# [Prompt]
Beginning with the line below that contains "RILISINFO.COM, YOGYAKARTA –" and ending with the line that contains "Pixxprint Neugierig rotes", retype every line exactly. Pictures are not copied.

# [Data section]

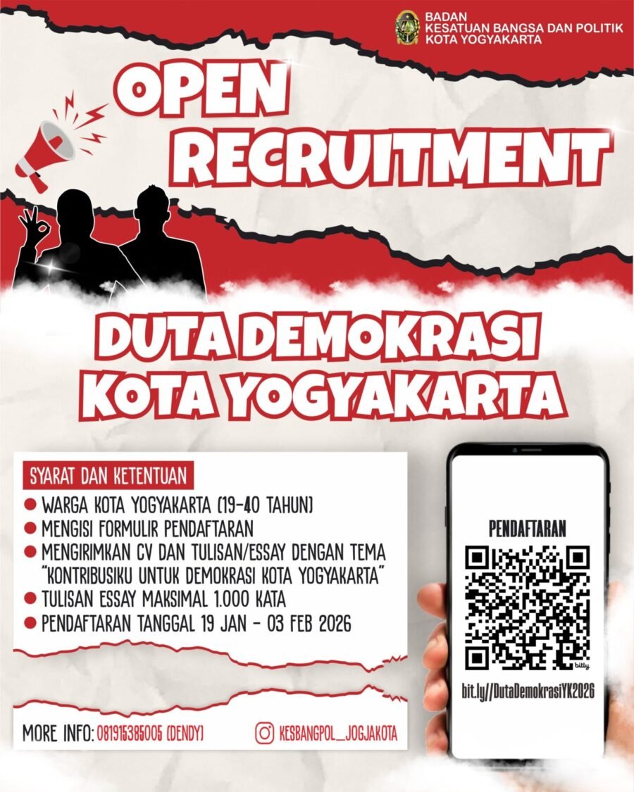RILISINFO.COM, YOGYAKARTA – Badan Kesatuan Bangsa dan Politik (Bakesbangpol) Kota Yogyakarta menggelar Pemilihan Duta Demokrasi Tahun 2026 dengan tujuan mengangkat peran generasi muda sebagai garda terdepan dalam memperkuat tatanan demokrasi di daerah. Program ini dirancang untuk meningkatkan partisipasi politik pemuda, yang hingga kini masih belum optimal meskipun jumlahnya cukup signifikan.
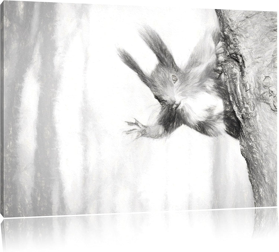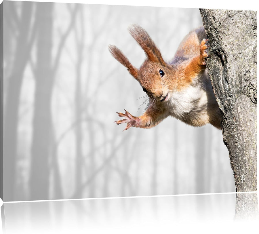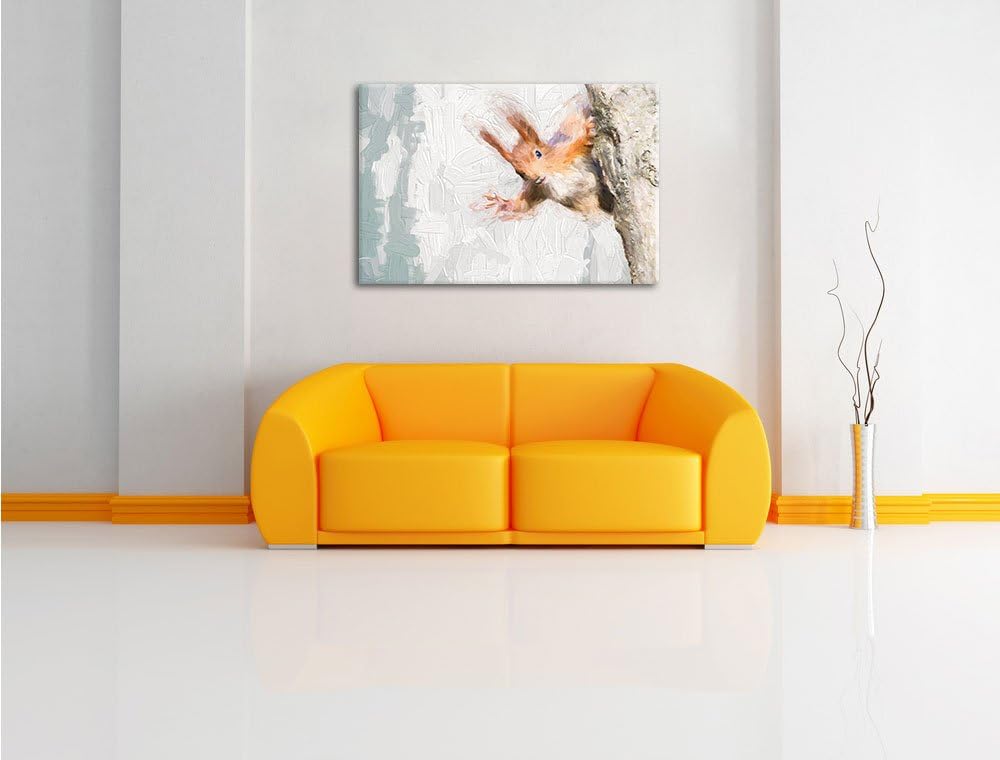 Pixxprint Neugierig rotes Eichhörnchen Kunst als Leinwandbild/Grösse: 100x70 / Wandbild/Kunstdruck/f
==
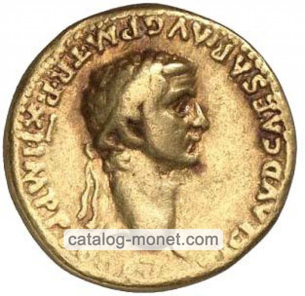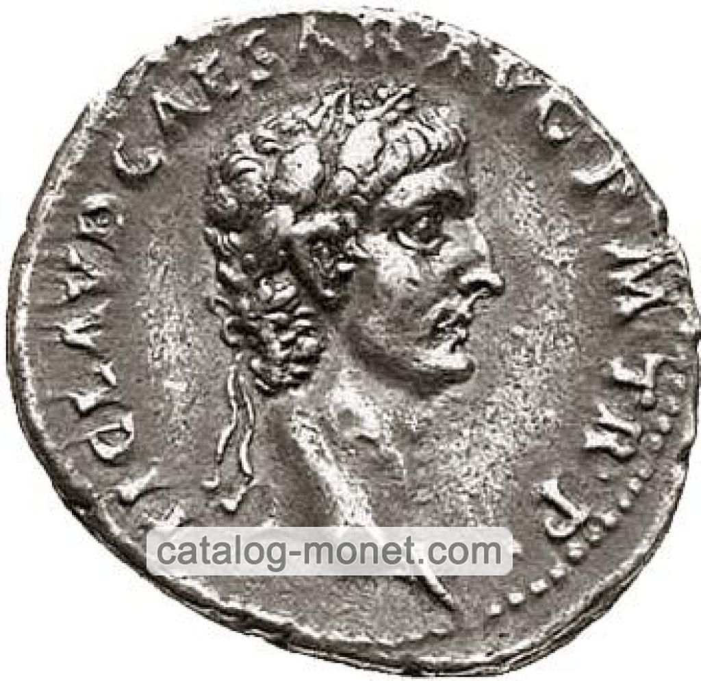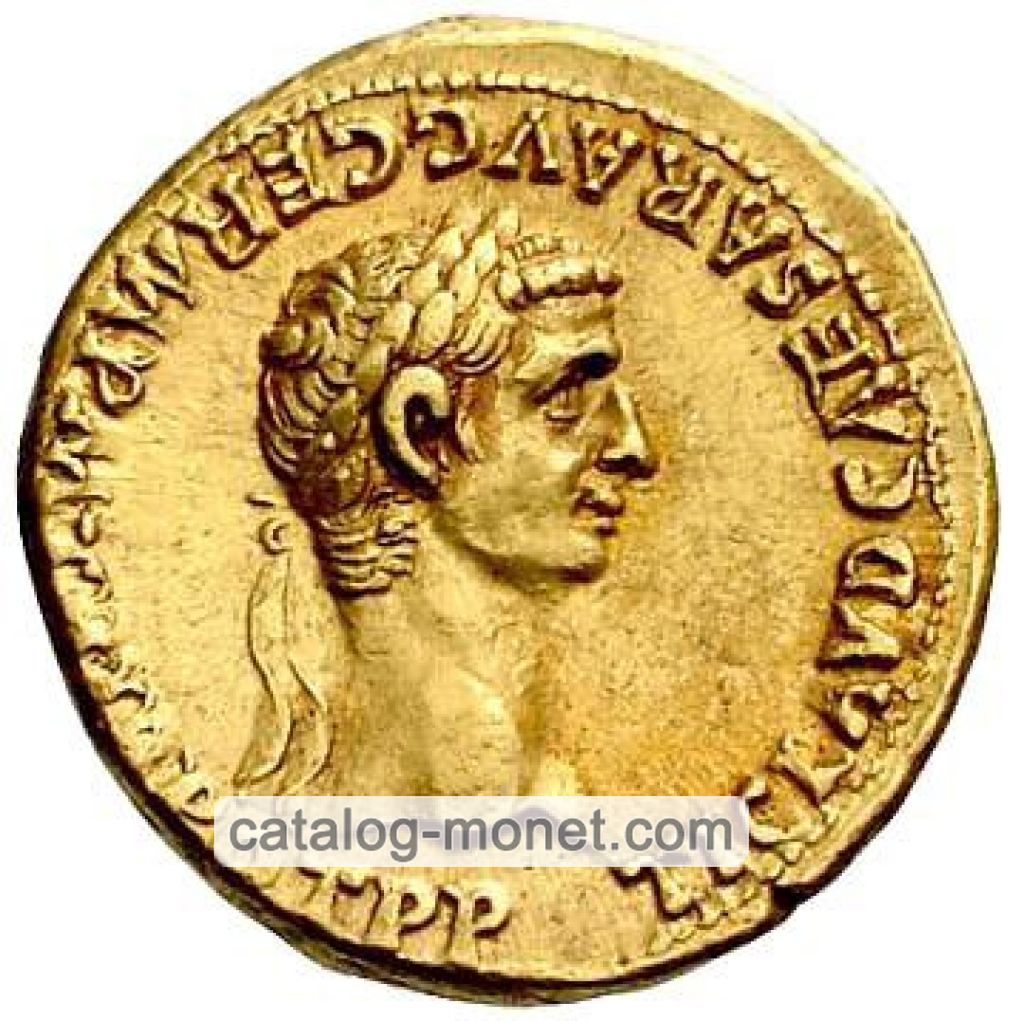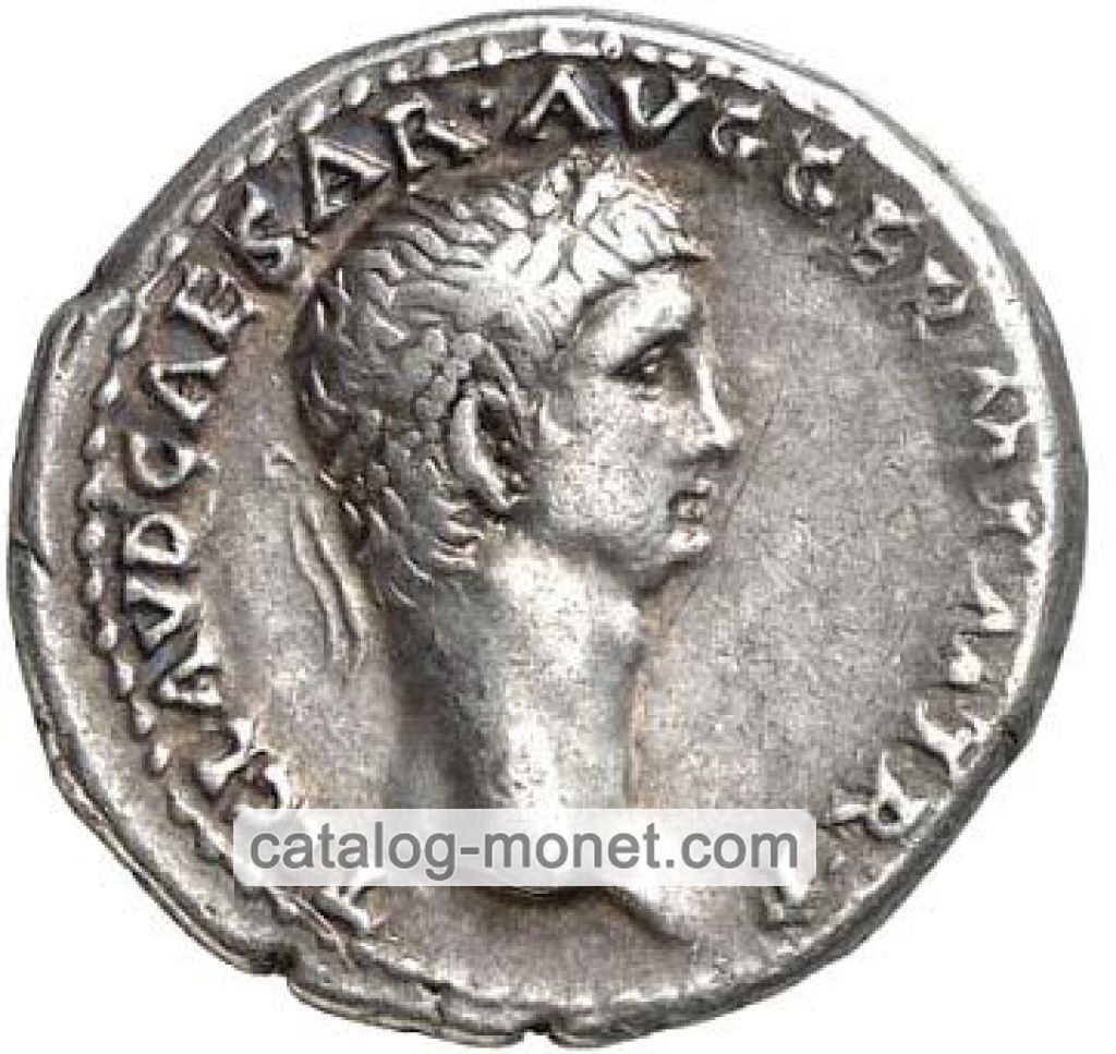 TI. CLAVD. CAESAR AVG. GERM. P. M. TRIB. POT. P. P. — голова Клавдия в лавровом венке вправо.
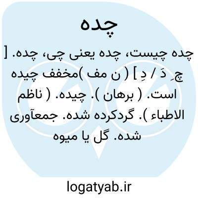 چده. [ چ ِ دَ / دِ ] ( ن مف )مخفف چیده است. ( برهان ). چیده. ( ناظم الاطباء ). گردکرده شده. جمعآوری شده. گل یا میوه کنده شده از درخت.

# [Finished task]
RILISINFO.COM, YOGYAKARTA – Badan Kesatuan Bangsa dan Politik (Bakesbangpol) Kota Yogyakarta menggelar Pemilihan Duta Demokrasi Tahun 2026 dengan tujuan mengangkat peran generasi muda sebagai garda terdepan dalam memperkuat tatanan demokrasi di daerah. Program ini dirancang untuk meningkatkan partisipasi politik pemuda, yang hingga kini masih belum optimal meskipun jumlahnya cukup signifikan.
 Pixxprint Neugierig rotes Eichhörnchen Kunst als Leinwandbild/Grösse: 100x70 / Wandbild/Kunstdruck/f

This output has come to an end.